In causal inference we are usually interested in estimating the causal effect of a treatment (a drug, ad, product, …) on an outcome of interest (a disease, firm revenue, customer satisfaction, …). However, knowing that a treatment works on average is often not sufficient and we would like to know for which subjects (patients, users, customers, …) it works better or worse, i.e. we would like to estimate heterogeneous treatment effects.

Estimating heterogeneous treatments effects allows us to do targeting. Knowing which customers are more likely to react to a discount allows a company to spend less money by offering fewer but better targeted discounts. This works also for negative effects: knowing for which patients a certain drug has side effects allows a pharmaceutical company to warn or exclude them from the treatment. There is also a more subtle advantage of estimating heterogeneous treatment effects: knowing for whom a treatment works allows us to better understand how a treatment works. Knowing that the effect of a discount does not depend on the income of its recipient but rather by its buying habits tells us that maybe it is not a matter of money, but rather a matter of attention or loyalty.

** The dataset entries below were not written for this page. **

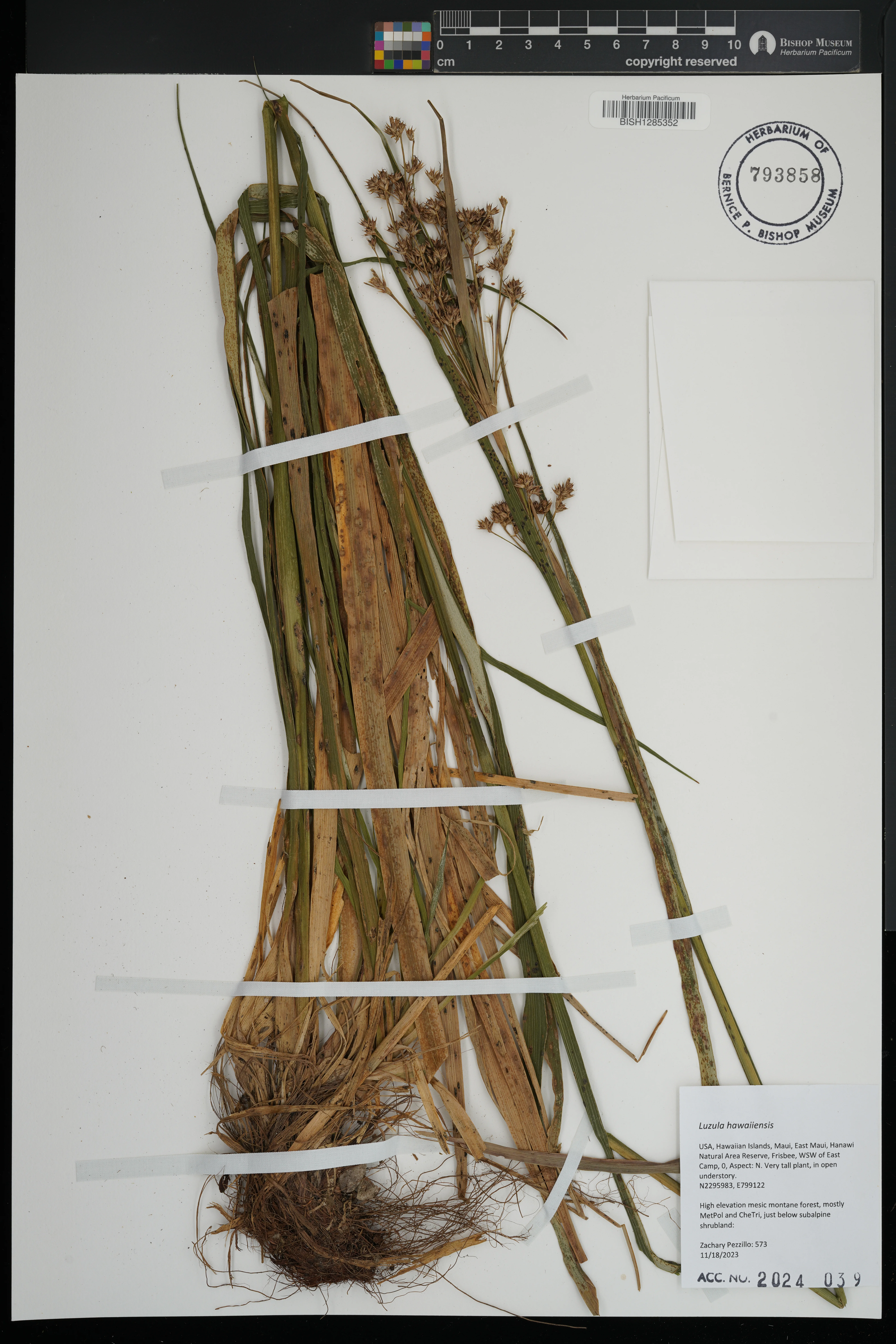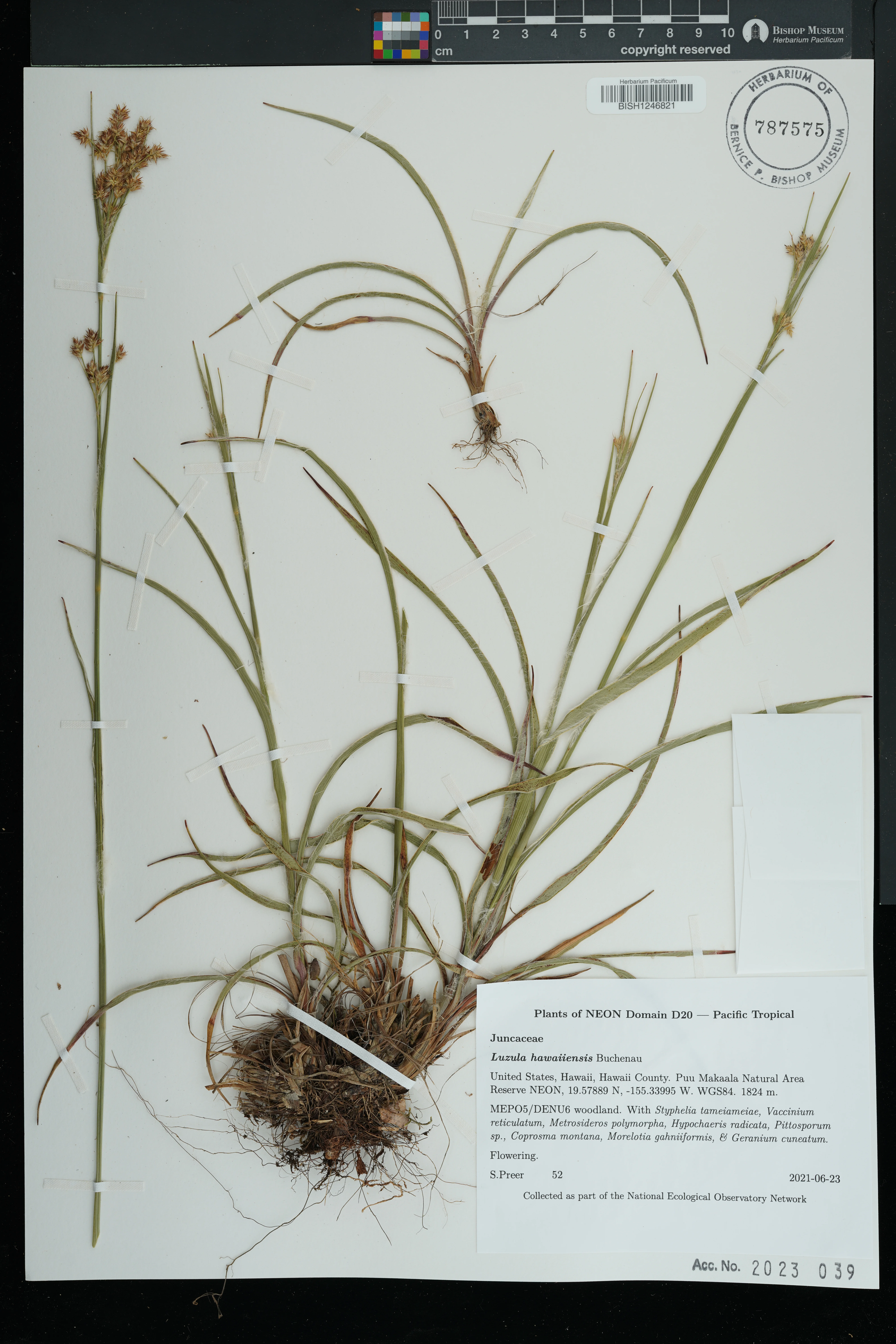 In Metrosideros polymorpha montane wet forest with Athyrium sandwichianum, Cyrtandra, Broussaisia, Cibotium, Clermontia, Cyanea, Eurya, Hedyotis terminalis, Ilex, Melicope, Plantago, Labordia, Stenogyne, Wikstroemia, many ferns |
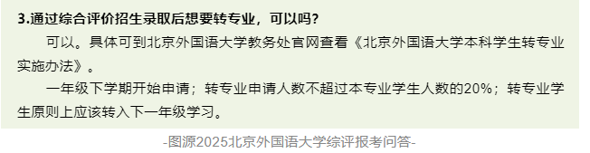 在北外官方发布的报考答疑中提到,综合评价可以转专业,但须符合转出院系的条件和接收院系的条件。具体可到北外教务处网页(https://jwc.bfsu.edu.cn/)查看《北京外国语大学本科学生转专业实施办法(试行)》。
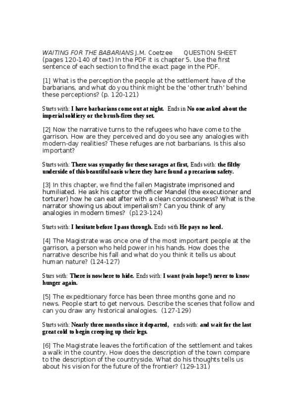 He publicado nuevos apuntes de 4º Narrativa Inglesa y Norteamericana Ii: WAITING-FOR-THE-BABARIANSquestion-sheet-for-PDF.doc
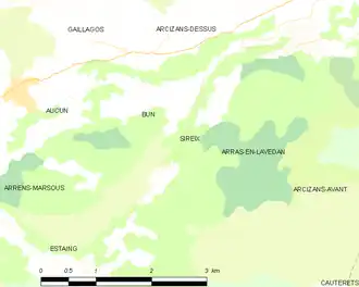 Les communes les plus proches[Note 1] sont[3] : Bun (0,8 km), Arcizans-Dessus (1,4 km), Gaillagos (2,4 km), Arras-en-Lavedan (2,5 km), Arcizans-Avant (3,6 km), Aucun (3,7 km), Saint-Savin (4,6 km), Estaing (5,0 km).
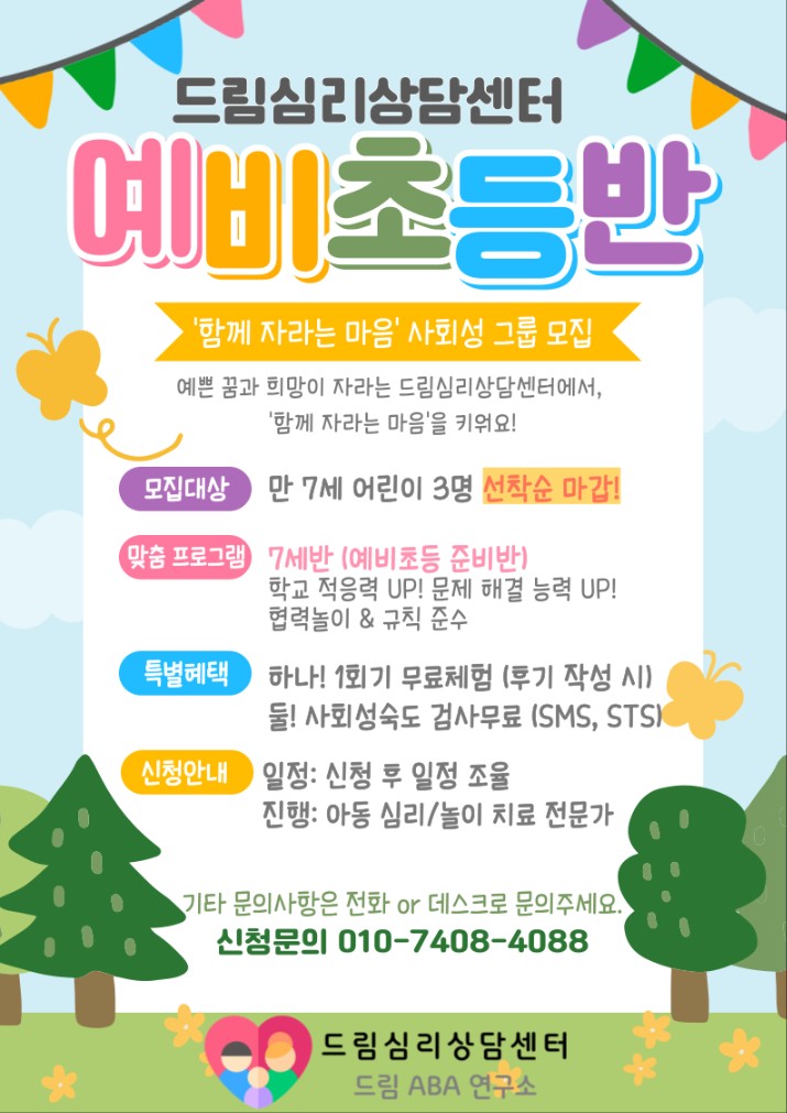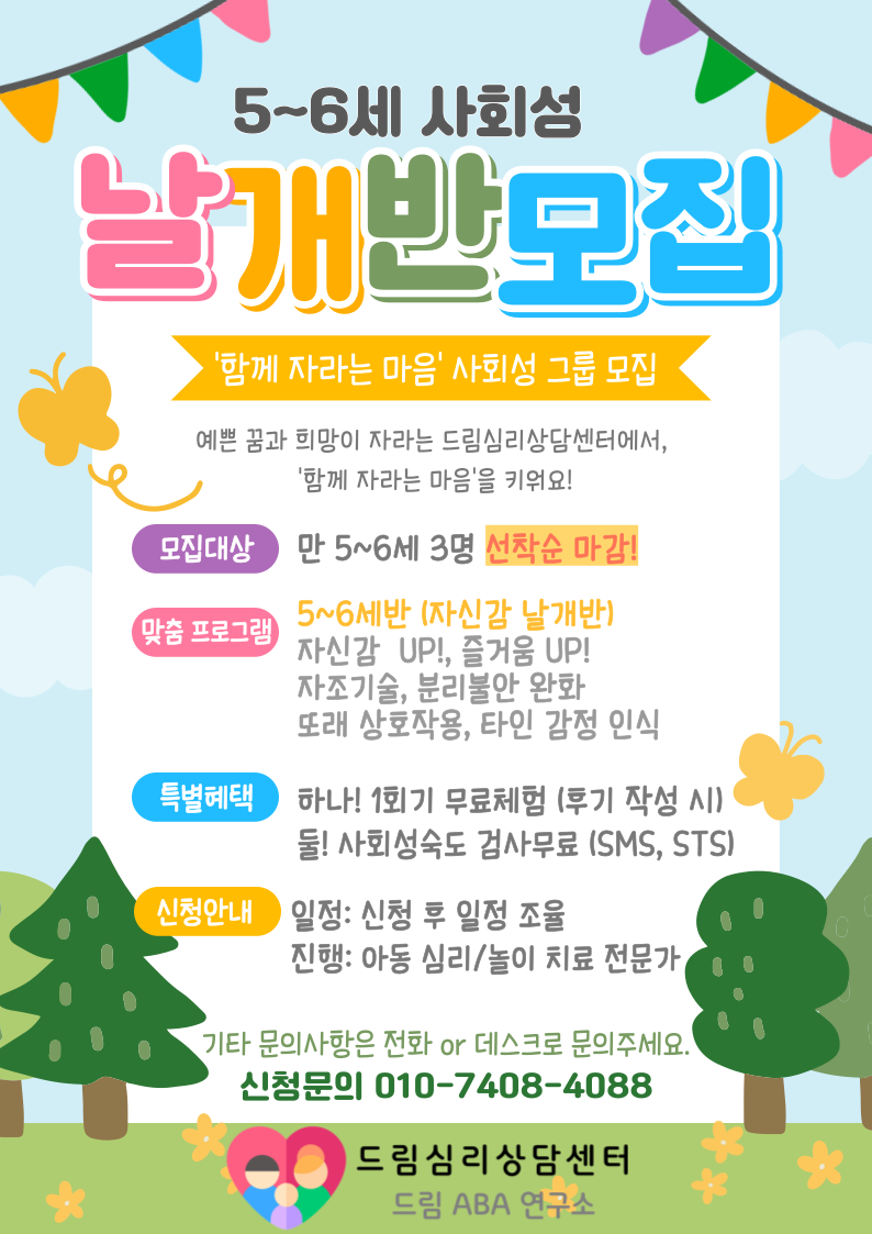 혹시 우리 아이가 또래 친구들과 어울리는 것을 어려워하거나, '엄마 없이는 아무것도 못 해'라며 여전히 엄마 품을 찾는 모습에 마음이 쓰이시나요? 유치원이나 어린이집 등원길에 힘들어하고, 스스로 밥 먹기, 옷 입기 같은 간단한 일조차 버거워하는 우리 아이를 보며, '언제쯤 혼자서도 씩씩하게 자랄까' 고민하셨을 부모님들을 위해 이 그룹을 마련했습니다. 이런 아이들에게 꼭 필요해요! (모집 대상) * 자조 기술 (Self-help Skills) 에 어려움을 보이는 4-5세 친구들: * 여전히 엄마에게 많이 의지하여 스스로 밥 먹기, 양치하기, 옷 입기 등에 어려움이 있는 아이. * 또래와의 상호작용에 어려움을 보이는 4-5세 친구들: * 친구들에게 다가가는 것을 망설이거나, 함께 놀이하는 방법을 잘 몰라 겉도는 아이. * 자기중심적인 놀이에서 벗어나지 못하고, 차례 지키기, 규칙 따르기 등을 어려워하는 아이. * 분리 불안이 높은 4-5세 친구들: * 유치원/어린이집 등원 시 엄마에게 안겨 가야 하거나, 엄마와 떨어지는 것에 힘들어하는 아이. 우리 그룹에서는 이런 것들을 함께 배웁니다. * 즐거운 놀이를 통한 사회성 증진: * 또래와 함께 놀며 '친구 관계 맺는 법'을 자연스럽게 익히고, 감정을 표현하고 조절하는 능력을 키웁니다. * 협동 놀이, 역할 놀이 등을 통해 규칙을 이해하고, 배려와 나눔을 경험합니다. * 스스로 하는 기쁨, 자조 기술 향상: * 먹기, 입기 등 일상생활 기술을 놀이와 연결하여 재미있게 연습하며, '나도 할 수 있다'는 자신감을 심어줍니다. * 긍정적인 분리 경험: * 안정적인 그룹 환경 속에서 엄마와 잠시 떨어져 지내는 연습을 통해 분리 불안을 완화하고, 기관 생활에 대한 적응력을 높입니다. 소수 정예 그룹 활동을 통해 아이 한 명 한 명에게 집중하여 맞춤형 상호작용을 제공하고, 아이들이 건강한 사회 구성원으로 성장할 수 있도록 전문 치료사가 돕겠습니다. [그룹 정보] * 대상: 한국나이5세 ~7세 친구들 * 정원: 3명 (소수 정예) * 장소: 드림심리상담센터 [무료 체험 이벤트] * 일시: 25년 11월 15일 (토) (시간은 개별 안내) * 혜택: 사회성 그룹 1회 무료 체험 * 신청: 선착순 5명 마감 우리 아이가 더 이상 움츠리지 않고, 세상 속으로 힘차게 나아갈 수 있도록 따뜻한 발판을 마련해 주세요. 부모님의 많은 관심과 신청을 기다립니다. 감사합니다. 드림심리상담센터 드림 |

In this article, we will explore the estimation of heterogeneous treatment effects using a modified version of regression trees (and forests). From a machine learning perspective, there are two fundamental differences between causal trees and predictive trees. First of all, the target is the treatment effect, which is an inherently unobservable object. Second, we are interested in doing inference, which means quantifying the uncertainty of our estimates.

Online Discounts

For the rest of the article, we are going to use a toy example, for the sake of exposition: suppose we were an online shop and we are interested in understanding whether offering discounts to new customers increases their expenditure. In particular, we would like to know if offering discounts is more effective for some customers with respect to others, since we would prefer not to give discounts to customers that would spend anyways. Moreover, it could also be that spamming customers with pop-ups could deter them from buying, having the opposite effect.

To understand whether and how much the discounts are effective we run an A/B test: whenever a new user visits our online shop, we randomly decide whether to offer them the discount or not. I import the data-generating process dgp_online_discounts() from src.dgp. With respect to previous articles, I generated a new DGP parent class that handles randomization and data generation, while its children classes contain specific use cases. I also import some plotting functions and libraries from src.utils. To include not only code but also data and tables, I use Deepnote, a Jupyter-like web-based collaborative notebook environment.

%matplotlib inline
%config InlineBackend.figure_format = 'retina'

from src.utils import *
from src.dgp import dgp_online_discounts
dgp = dgp_online_discounts(n=100_000)
df = dgp.generate_data()
df.head()

time device browser region discount spend
0 10.78 mobile edge 9 0 0.46
1 0.57 desktop firefox 9 1 11.04
2 3.74 mobile safari 7 0 1.81
3 13.37 desktop other 5 0 31.90
4 0.71 mobile explorer 2 0 15.42

We have data on 100.000 website visitors, for whom we observe the time of the day, the device they use, their browser and their geographical region. We also see whether they were offered the discount, our treatment, and what is their spend, the outcome of interest.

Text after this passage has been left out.